## Task item
A faithful copy of each entry below is expected, with the images removed.

## Available records
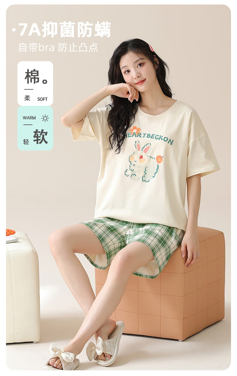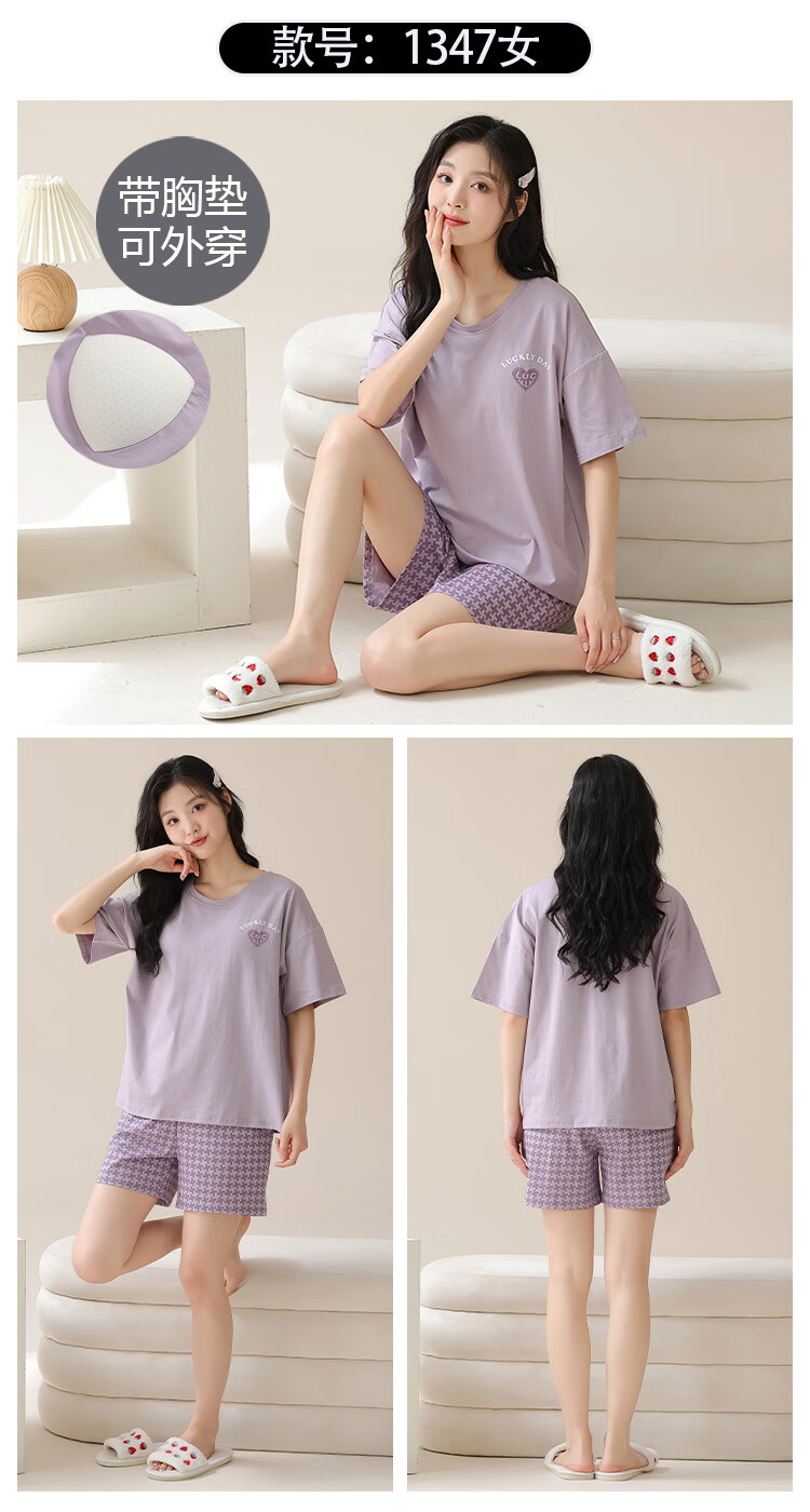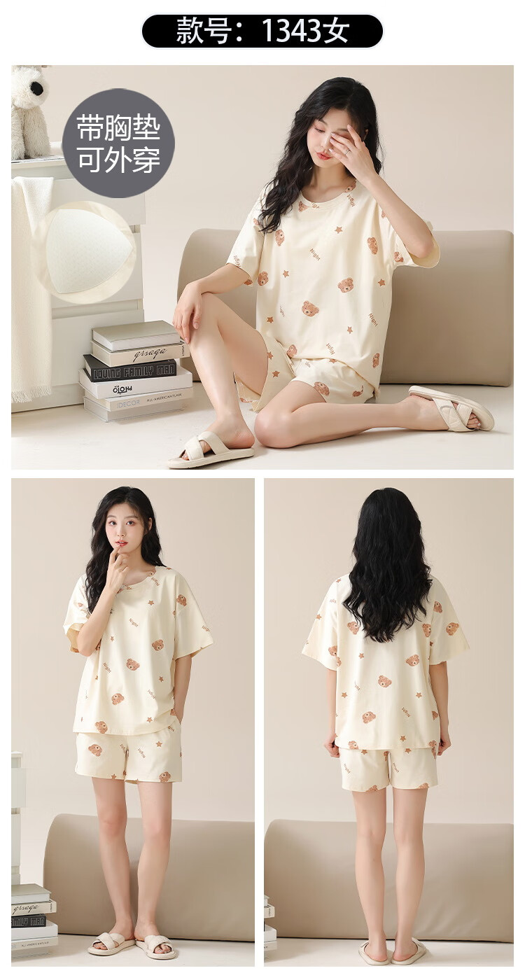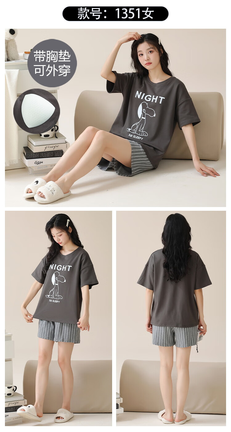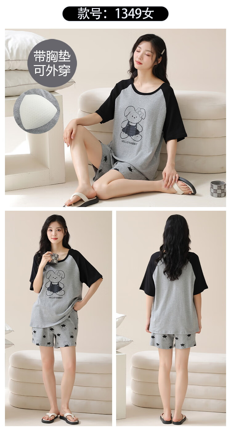 Jiaocaimeng pajamas with breast pads for women summer 100% cotton short-sleeved cartoon girls students and teenagers home wear set QM1355 (with breast pads) 100% cotton M ladies (recommended 80-95Jin Jin equals 0.5 kg)
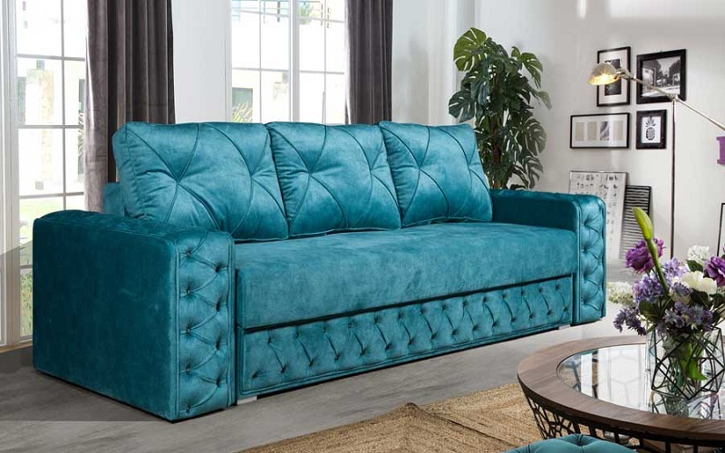 Мягкий диван «Версаль» идеально впишется в интерьер гостиной. Изделие отличается изысканным и утонченным дизайном.В диване использован механизм трансформации «Тик-так». При изготовлении дивана используются только качественные материалы обивки и наполнения. В основе конструкции – каркас из дерева.Мягкие элементы сидений дивана и спального места, выполнены на основе пружинного блока «Боннель».
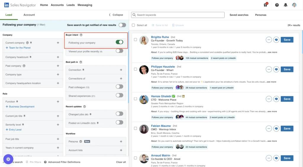Avec la recherche de leads dans Sales Navigator, tu peux construire une liste de leads qui suivent la page LinkedIn d’un concurrent.
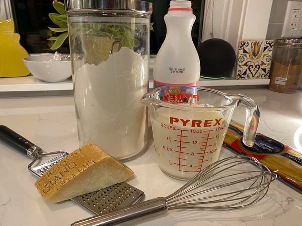 In order to create a healthier-yet-delicious version of this sauce, we only need 4 ingredients for the recipe: skim milk, flour, garlic and Parmesan cheese. Yup… we’re entirely skipping the butter and cream.
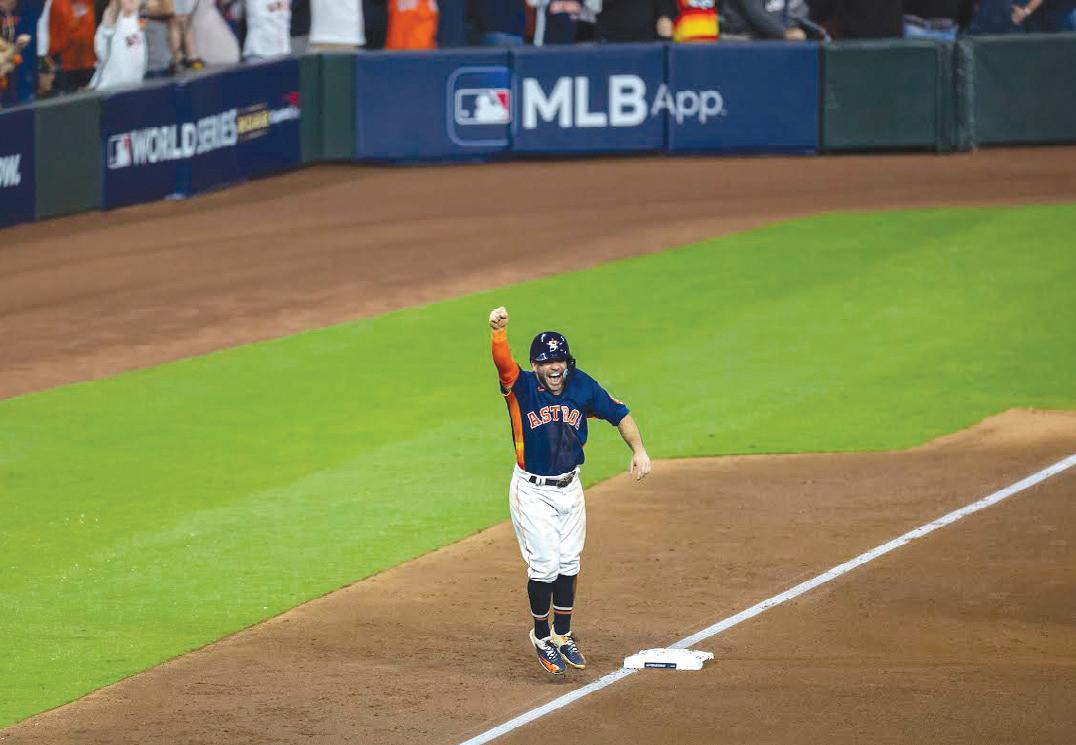 The Houston Astros’ José Altuve celebrates teammate Yordan Alvarez’s towering three-run homer to center to put the Astros up 3-1 in the sixth inning of Game 6 of the World Series, at Minute Maid Park in Houston on Nov. 5, 2022. Ahead of his 15th season with the Astros, Altuve’s transition to left field is underway. (Annie Mulligan/The New York Times)
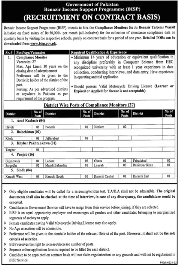 Benazir Income Support Programme BISP Lahore, lahore, okara, layyah, torghar, karachi, kohlu, rahim yar khan, mandi bahauddin, neelum valley, gujranwala, haveli, sargodha, poonch, jaffarabad and faisalabad Punjab Pakistan invites applications from eligible candidates for the post of compliance monitor as per advertisement of May 2, 2023 published in daily Jang Newspaper. Persons with Bachelor etc. education can apply.
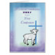 When your granddaughter makes her First Confession, give her this special card. A gentle lamb is seen with a cross on soft purple and blue colours. Make it extra special by adding her name!
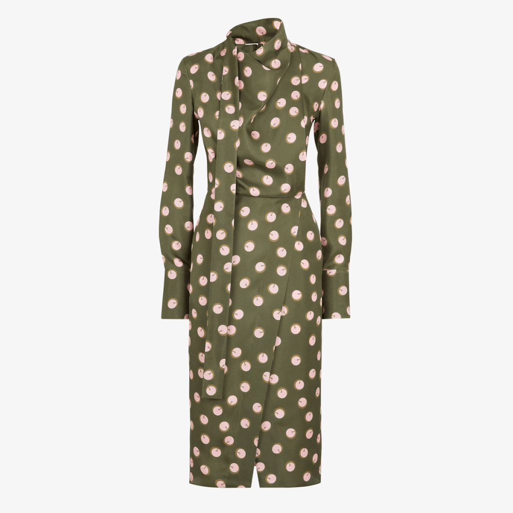 Long-sleeved midi dress with high collar and scarf detail to tie at the side. The silhouette is fitted at the waist, with diagonal seam on the front and small central slit at the hem. Back zipper closure. Made of silk twill with a dark green and pink all-over polka-dot Fendi motif print ($3,490.00).
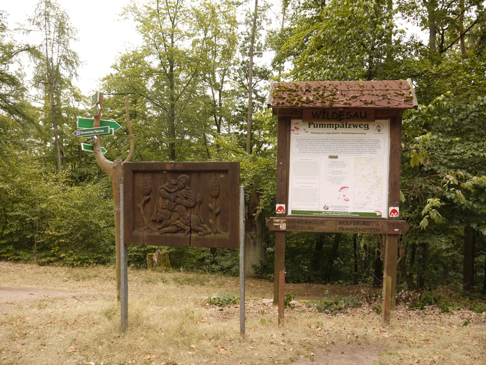 Информационный стенд и деревянная картина рядом с крестом. Скорее всего, крест поставлен не просто так, а здесь кто-то погиб, охотясь на этого самого кабанчика.
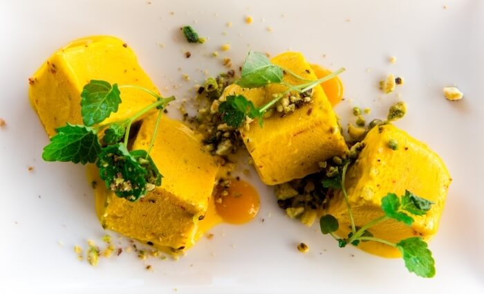Refreshing home made ice cream flavoured with mango and saffron.
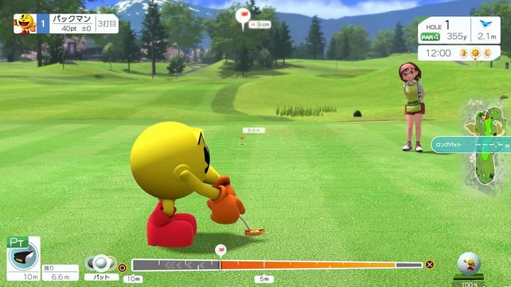 操作方法は特徴的な3種類から選択でき、天候や時間によってコースの状況が変化していく本格的なゴルフが誰でも手軽に体験可能。個性豊かなキャラクターとキャディがプレイを盛り上げます。
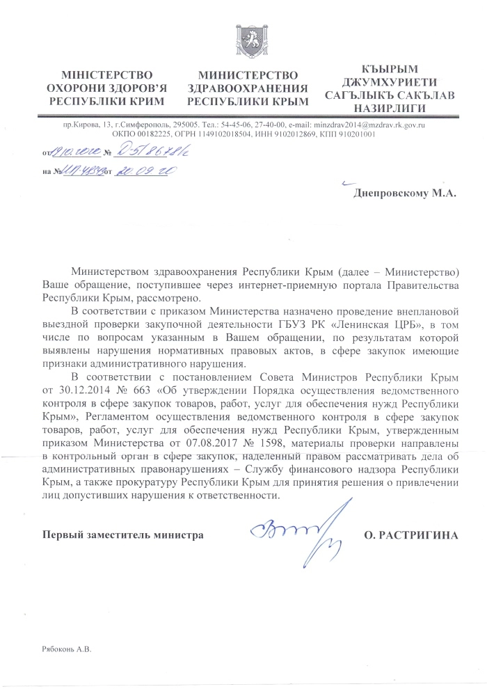 В ходе проверок выявлены нарушения законодательства, в отношении главврача возбуждены дела об административных нарушениях. Службой Крымфиннадзора проводится дополнительная проверка закупочной деятельности ЦРБ.
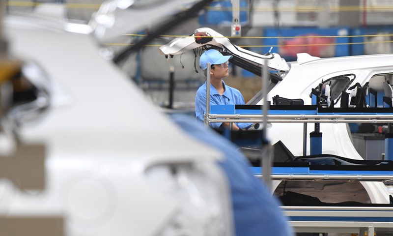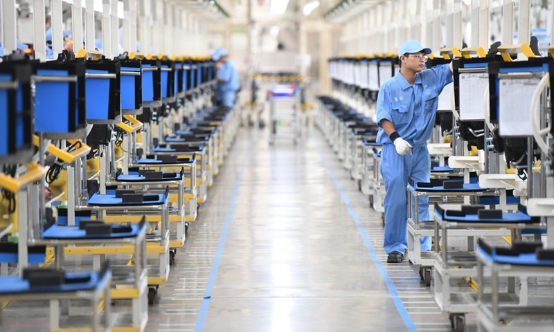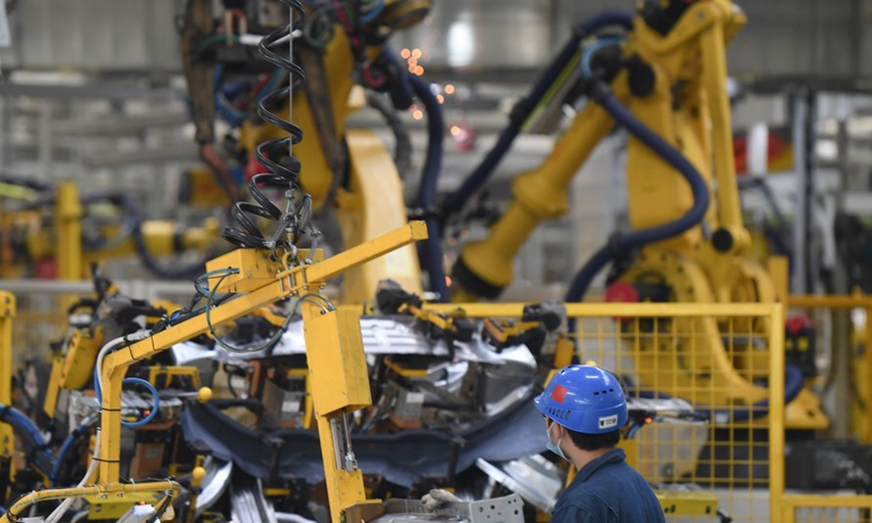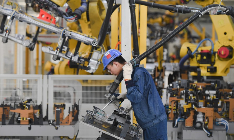 A worker works on the assembly line at a passenger car workshop of Ningde base of SAIC Motor Corporation Ltd. in Ningde, southeast China's Fujian Province, Sept. 15, 2020. (Xinhua/Song Weiwei)

## Answer for the task
 Jiaocaimeng pajamas with breast pads for women summer 100% cotton short-sleeved cartoon girls students and teenagers home wear set QM1355 (with breast pads) 100% cotton M ladies (recommended 80-95Jin Jin equals 0.5 kg)
 Мягкий диван «Версаль» идеально впишется в интерьер гостиной. Изделие отличается изысканным и утонченным дизайном.В диване использован механизм трансформации «Тик-так». При изготовлении дивана используются только качественные материалы обивки и наполнения. В основе конструкции – каркас из дерева.Мягкие элементы сидений дивана и спального места, выполнены на основе пружинного блока «Боннель».
Avec la recherche de leads dans Sales Navigator, tu peux construire une liste de leads qui suivent la page LinkedIn d’un concurrent.
 In order to create a healthier-yet-delicious version of this sauce, we only need 4 ingredients for the recipe: skim milk, flour, garlic and Parmesan cheese. Yup… we’re entirely skipping the butter and cream.
 The Houston Astros’ José Altuve celebrates teammate Yordan Alvarez’s towering three-run homer to center to put the Astros up 3-1 in the sixth inning of Game 6 of the World Series, at Minute Maid Park in Houston on Nov. 5, 2022. Ahead of his 15th season with the Astros, Altuve’s transition to left field is underway. (Annie Mulligan/The New York Times)
 Benazir Income Support Programme BISP Lahore, lahore, okara, layyah, torghar, karachi, kohlu, rahim yar khan, mandi bahauddin, neelum valley, gujranwala, haveli, sargodha, poonch, jaffarabad and faisalabad Punjab Pakistan invites applications from eligible candidates for the post of compliance monitor as per advertisement of May 2, 2023 published in daily Jang Newspaper. Persons with Bachelor etc. education can apply.
 When your granddaughter makes her First Confession, give her this special card. A gentle lamb is seen with a cross on soft purple and blue colours. Make it extra special by adding her name!
 Long-sleeved midi dress with high collar and scarf detail to tie at the side. The silhouette is fitted at the waist, with diagonal seam on the front and small central slit at the hem. Back zipper closure. Made of silk twill with a dark green and pink all-over polka-dot Fendi motif print ($3,490.00).
 Информационный стенд и деревянная картина рядом с крестом. Скорее всего, крест поставлен не просто так, а здесь кто-то погиб, охотясь на этого самого кабанчика.
Refreshing home made ice cream flavoured with mango and saffron.
 操作方法は特徴的な3種類から選択でき、天候や時間によってコースの状況が変化していく本格的なゴルフが誰でも手軽に体験可能。個性豊かなキャラクターとキャディがプレイを盛り上げます。
 В ходе проверок выявлены нарушения законодательства, в отношении главврача возбуждены дела об административных нарушениях. Службой Крымфиннадзора проводится дополнительная проверка закупочной деятельности ЦРБ.
 A worker works on the assembly line at a passenger car workshop of Ningde base of SAIC Motor Corporation Ltd. in Ningde, southeast China's Fujian Province, Sept. 15, 2020. (Xinhua/Song Weiwei)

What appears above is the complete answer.